Loki frowns slightly, turning over her words in his head. There is a thread there, that if he can just tug it free, might be a piece to the puzzle he’s trying to put together. A crown, a throne. A king, rather than the king. Only a king might wield the power of the Casket, perhaps, and not need be the king of Jotunheim, though perhaps might also need be a Jotun. Or, perhaps, a Jotun of a particular line.
“Did Odin tell you the story of how he found me, when he brought me here?” he asks, looking at Frigga once more. He needs more information if he is to be certain of his thoughts, and there are few people on Asgard he might ask for such and trust will give him the truth.
Frigga frowns, nonplussed at his question. “He told me that you had been left in the temple on Jotunheim, abandoned. Perhaps because of your size, for you were a small infant for a Jotun, or perhaps because of the ability you showed even at so young an age to draw a cloak of seiðr over you to appear as those around you.”
“An infant cannot control seiðr, you know that.” Loki will not find the information he seeks through Frigga, which means he shall have to ask better questions of Sif regarding her conversation with the Jotun, or perhaps go to Jotunheim himself to speak with Helblindi regarding what is known there of him. And if he goes to Jotunheim, he will have to be prepared, he thinks, to make good on his offer, and to attempt what Helblindi had implied he must do. “If I appeared as an Aesir, it must have been at the hands of Odin.”
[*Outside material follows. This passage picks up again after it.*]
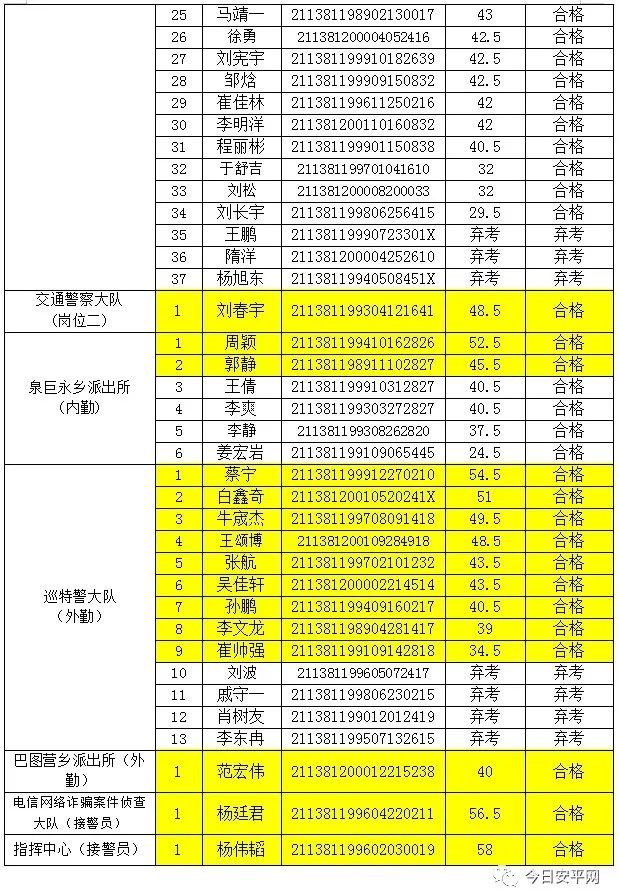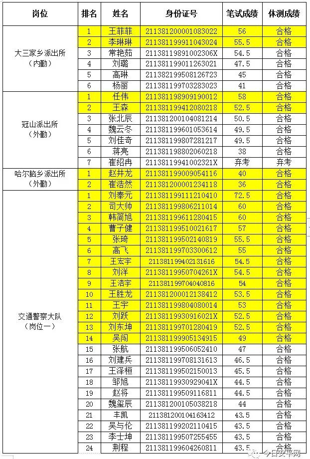 辽宁安平人力资源服务有限公司北票市分公司受北票市公安局的委托,现面向社会招聘工作人员,现将北票市公安局招聘辅警笔试、体能测试成绩及进入面试人员名单公告如下:

“I do not think it was, but perhaps it was not seiðr, either.” Frigga gives him a brief smile. “You change your shape easily, and even then, you showed such an ability to mimic those around you. Perhaps it was more that than it was seiðr. I cannot say with any certainty, not after all this time.”
No answers, and only more questions. Loki sighs, and turns away from Frigga to regard the fire again. He will send for Sif later, whether he draws his answers from her, or goes to Jotunheim in defiance of Odin’s commands. And if the latter, he will have to ensure that the wergild to the families of the Aesir dead are paid, for he will not be able to return to Asgard, save publically paraded before the people in chains before he is condemned for whatever crimes for which he has not settled debts.